» **Provided information**

☆ ☆ ☆ ☆ ☆ ☆ ☆

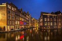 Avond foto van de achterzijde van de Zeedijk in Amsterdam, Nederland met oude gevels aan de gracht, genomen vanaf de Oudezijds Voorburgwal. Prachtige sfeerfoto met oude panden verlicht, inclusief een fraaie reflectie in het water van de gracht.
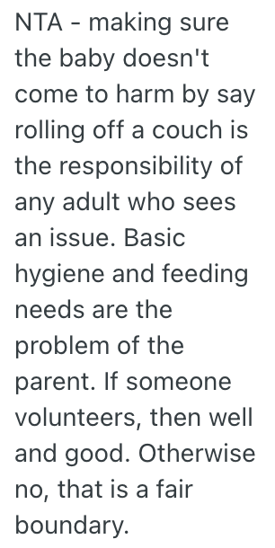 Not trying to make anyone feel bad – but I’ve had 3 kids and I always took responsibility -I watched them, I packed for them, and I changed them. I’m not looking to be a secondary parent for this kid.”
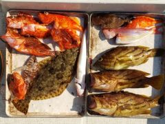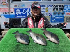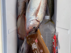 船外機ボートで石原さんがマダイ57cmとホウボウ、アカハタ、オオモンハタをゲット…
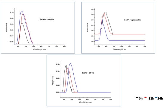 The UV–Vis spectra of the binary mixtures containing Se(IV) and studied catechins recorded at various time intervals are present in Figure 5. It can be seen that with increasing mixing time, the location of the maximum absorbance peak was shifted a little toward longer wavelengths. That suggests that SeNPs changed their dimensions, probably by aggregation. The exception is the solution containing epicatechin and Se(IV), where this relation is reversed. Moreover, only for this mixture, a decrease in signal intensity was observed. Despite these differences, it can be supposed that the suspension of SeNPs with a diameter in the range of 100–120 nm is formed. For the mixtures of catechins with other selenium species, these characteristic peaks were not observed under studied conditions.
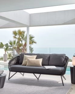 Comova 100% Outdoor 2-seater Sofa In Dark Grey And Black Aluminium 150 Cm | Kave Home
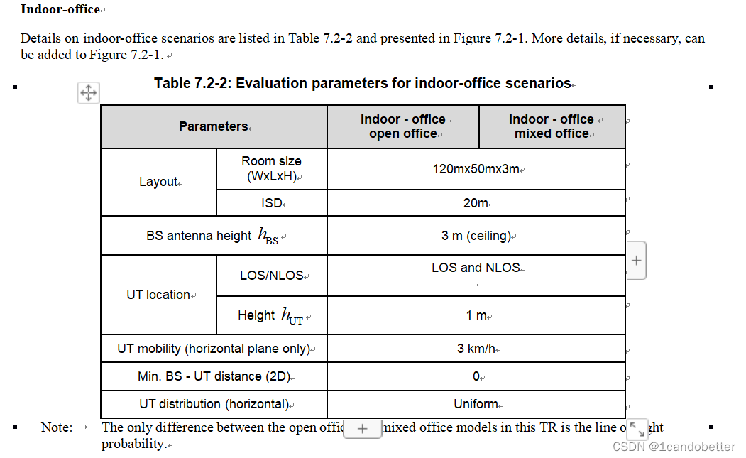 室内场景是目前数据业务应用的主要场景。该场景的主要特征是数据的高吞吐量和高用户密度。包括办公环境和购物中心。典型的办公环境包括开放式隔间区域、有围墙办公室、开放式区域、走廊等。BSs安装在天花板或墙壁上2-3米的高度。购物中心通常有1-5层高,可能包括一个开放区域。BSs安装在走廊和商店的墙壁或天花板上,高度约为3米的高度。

☆ ☆ ☆ ☆ ☆ ☆ ☆

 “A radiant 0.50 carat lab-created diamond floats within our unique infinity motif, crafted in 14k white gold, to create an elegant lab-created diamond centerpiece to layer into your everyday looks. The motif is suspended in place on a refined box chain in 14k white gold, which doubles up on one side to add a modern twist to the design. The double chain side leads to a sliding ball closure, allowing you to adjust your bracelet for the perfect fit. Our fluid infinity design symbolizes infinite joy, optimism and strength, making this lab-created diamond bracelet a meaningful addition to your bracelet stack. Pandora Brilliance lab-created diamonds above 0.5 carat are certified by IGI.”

☆ ☆ ☆ ☆ ☆ ☆ ☆

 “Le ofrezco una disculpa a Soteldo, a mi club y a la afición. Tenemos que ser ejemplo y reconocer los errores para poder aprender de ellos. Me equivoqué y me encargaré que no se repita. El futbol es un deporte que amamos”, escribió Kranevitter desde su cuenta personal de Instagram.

☆ ☆ ☆ ☆ ☆ ☆ ☆

» **Description of the task**
Copy everything above from the line holding "Avond foto van" down to the line holding "Comova 100% Outdoor", both ends included, exactly as it stands and without the pictures.

» **Result of the task**
 Avond foto van de achterzijde van de Zeedijk in Amsterdam, Nederland met oude gevels aan de gracht, genomen vanaf de Oudezijds Voorburgwal. Prachtige sfeerfoto met oude panden verlicht, inclusief een fraaie reflectie in het water van de gracht.
 Not trying to make anyone feel bad – but I’ve had 3 kids and I always took responsibility -I watched them, I packed for them, and I changed them. I’m not looking to be a secondary parent for this kid.”
 船外機ボートで石原さんがマダイ57cmとホウボウ、アカハタ、オオモンハタをゲット…
 The UV–Vis spectra of the binary mixtures containing Se(IV) and studied catechins recorded at various time intervals are present in Figure 5. It can be seen that with increasing mixing time, the location of the maximum absorbance peak was shifted a little toward longer wavelengths. That suggests that SeNPs changed their dimensions, probably by aggregation. The exception is the solution containing epicatechin and Se(IV), where this relation is reversed. Moreover, only for this mixture, a decrease in signal intensity was observed. Despite these differences, it can be supposed that the suspension of SeNPs with a diameter in the range of 100–120 nm is formed. For the mixtures of catechins with other selenium species, these characteristic peaks were not observed under studied conditions.
 Comova 100% Outdoor 2-seater Sofa In Dark Grey And Black Aluminium 150 Cm | Kave Home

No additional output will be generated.